::: Stored data :::

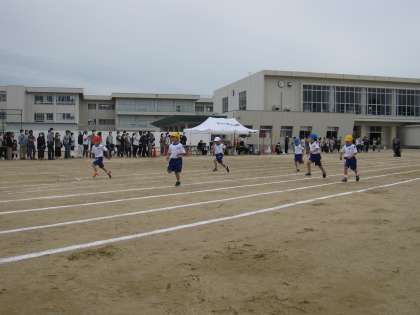 入学して初めての運動会。徒競走では、ゴールを目指して一生懸命に走りました。
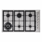Stainless steel CDA Gas Hob HG9350SS. It has 5 total number of positions and Power Levels. This CDA Hob has install dimensions of 86cm (width) x 3.5cm (height) x 50cm (depth). The HG9350SS model also comes with Flame failure safety device and a manufacturer's warranty of 5 years for peace of mind.
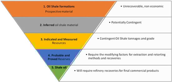 The global quantity of oil shale resources has been estimated using various methods, though detailed methodologies for assessing commercial shale oil reserves are often lacking, where most attempts to estimate oil shale resources have relied on limited or unreliable data. Geological resources represent the total quantity of an oil shale material present on the Earth, regardless of whether it is economically or technically extractable. In contrast, shale oil reserves are the portions of the geological resources that are economically and technically viable to extract under current market conditions, technologies, and regulations. Thus, the economic potential of oil shale can be overestimated if it is based only on mineral resources and not considered extractable oil reserves. Factors like market prices, extraction costs, technical and technological advancements, environmental regulations, and infrastructure availability are critical in determining whether geological resources can transition into economically viable reserves [1,2,3,4,5].
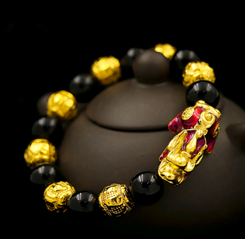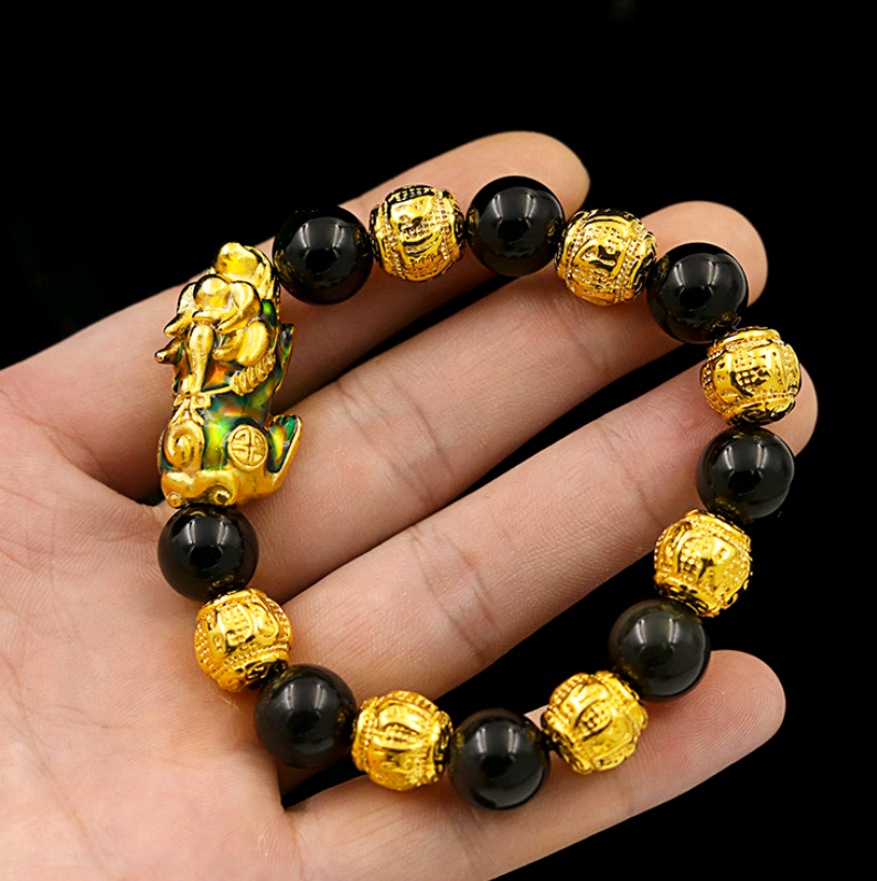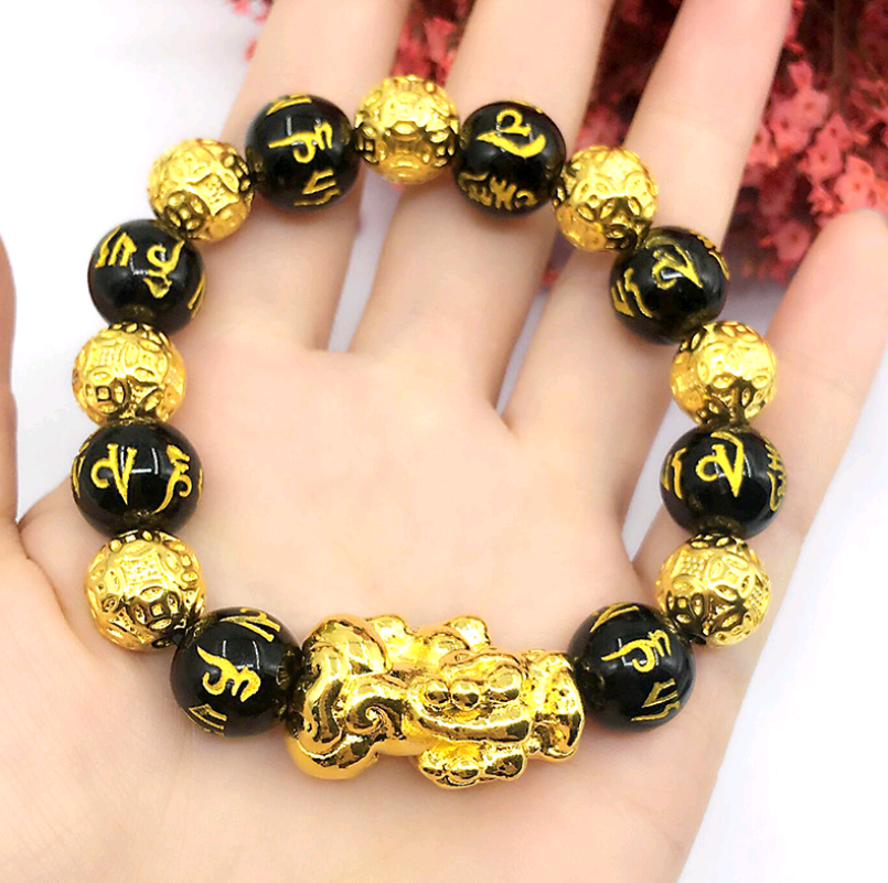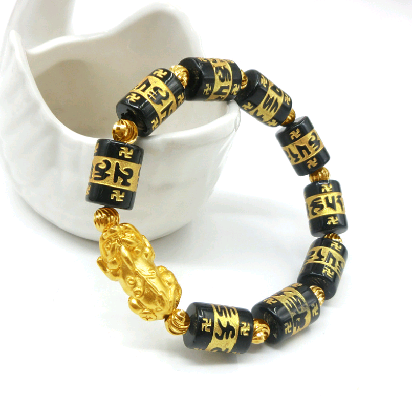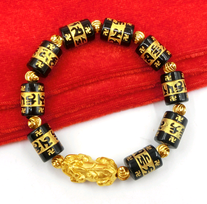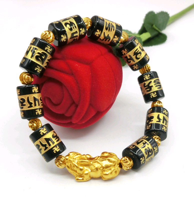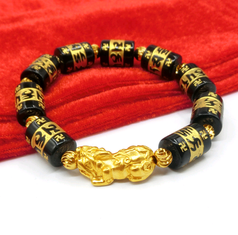 Men's 6-word Mantra Beaded Bracelet Big Compass Curse Watermelon Beads Lucky Money Handmade Chain

:::

Write out the data above in full and exactly, but not the pictures.

== Answer section ==
 入学して初めての運動会。徒競走では、ゴールを目指して一生懸命に走りました。
Stainless steel CDA Gas Hob HG9350SS. It has 5 total number of positions and Power Levels. This CDA Hob has install dimensions of 86cm (width) x 3.5cm (height) x 50cm (depth). The HG9350SS model also comes with Flame failure safety device and a manufacturer's warranty of 5 years for peace of mind.
 The global quantity of oil shale resources has been estimated using various methods, though detailed methodologies for assessing commercial shale oil reserves are often lacking, where most attempts to estimate oil shale resources have relied on limited or unreliable data. Geological resources represent the total quantity of an oil shale material present on the Earth, regardless of whether it is economically or technically extractable. In contrast, shale oil reserves are the portions of the geological resources that are economically and technically viable to extract under current market conditions, technologies, and regulations. Thus, the economic potential of oil shale can be overestimated if it is based only on mineral resources and not considered extractable oil reserves. Factors like market prices, extraction costs, technical and technological advancements, environmental regulations, and infrastructure availability are critical in determining whether geological resources can transition into economically viable reserves [1,2,3,4,5].
 Men's 6-word Mantra Beaded Bracelet Big Compass Curse Watermelon Beads Lucky Money Handmade Chain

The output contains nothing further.